◆ Dataset records ◆
= = = =

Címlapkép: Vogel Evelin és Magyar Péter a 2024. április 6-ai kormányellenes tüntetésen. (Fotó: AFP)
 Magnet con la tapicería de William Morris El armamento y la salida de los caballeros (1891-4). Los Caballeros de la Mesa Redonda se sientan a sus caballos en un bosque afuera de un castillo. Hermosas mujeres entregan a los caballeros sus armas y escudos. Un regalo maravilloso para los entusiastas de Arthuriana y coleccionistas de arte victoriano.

= = = =

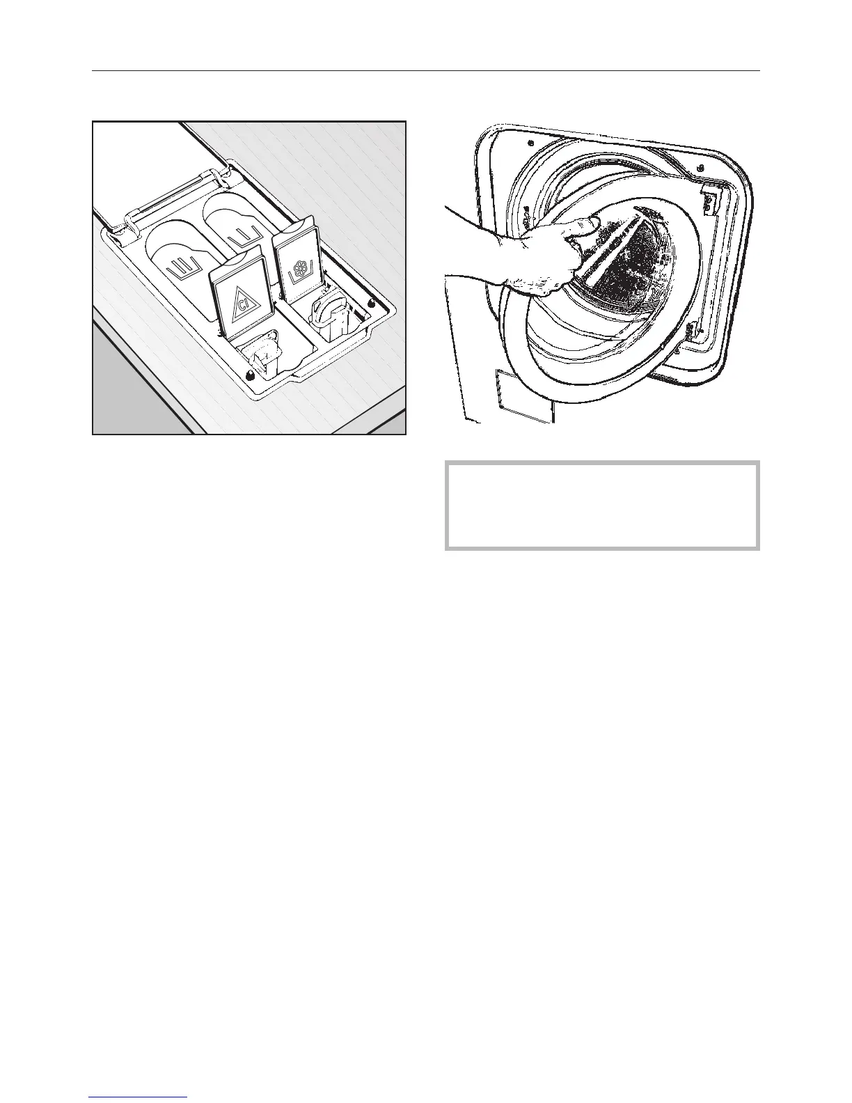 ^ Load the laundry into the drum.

= = = =

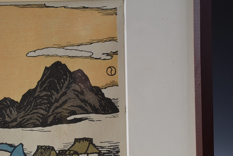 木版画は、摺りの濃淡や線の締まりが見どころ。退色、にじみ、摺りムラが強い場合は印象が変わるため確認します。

= = = =

◆ What you are asked to do ◆
Everything above from the line containing "Címlapkép: Vogel Evelin" through the line containing "Magnet con la" must be copied exactly. Nothing outside that range belongs in the answer.

◆ Solution to the exercise ◆
Címlapkép: Vogel Evelin és Magyar Péter a 2024. április 6-ai kormányellenes tüntetésen. (Fotó: AFP)
 Magnet con la tapicería de William Morris El armamento y la salida de los caballeros (1891-4). Los Caballeros de la Mesa Redonda se sientan a sus caballos en un bosque afuera de un castillo. Hermosas mujeres entregan a los caballeros sus armas y escudos. Un regalo maravilloso para los entusiastas de Arthuriana y coleccionistas de arte victoriano.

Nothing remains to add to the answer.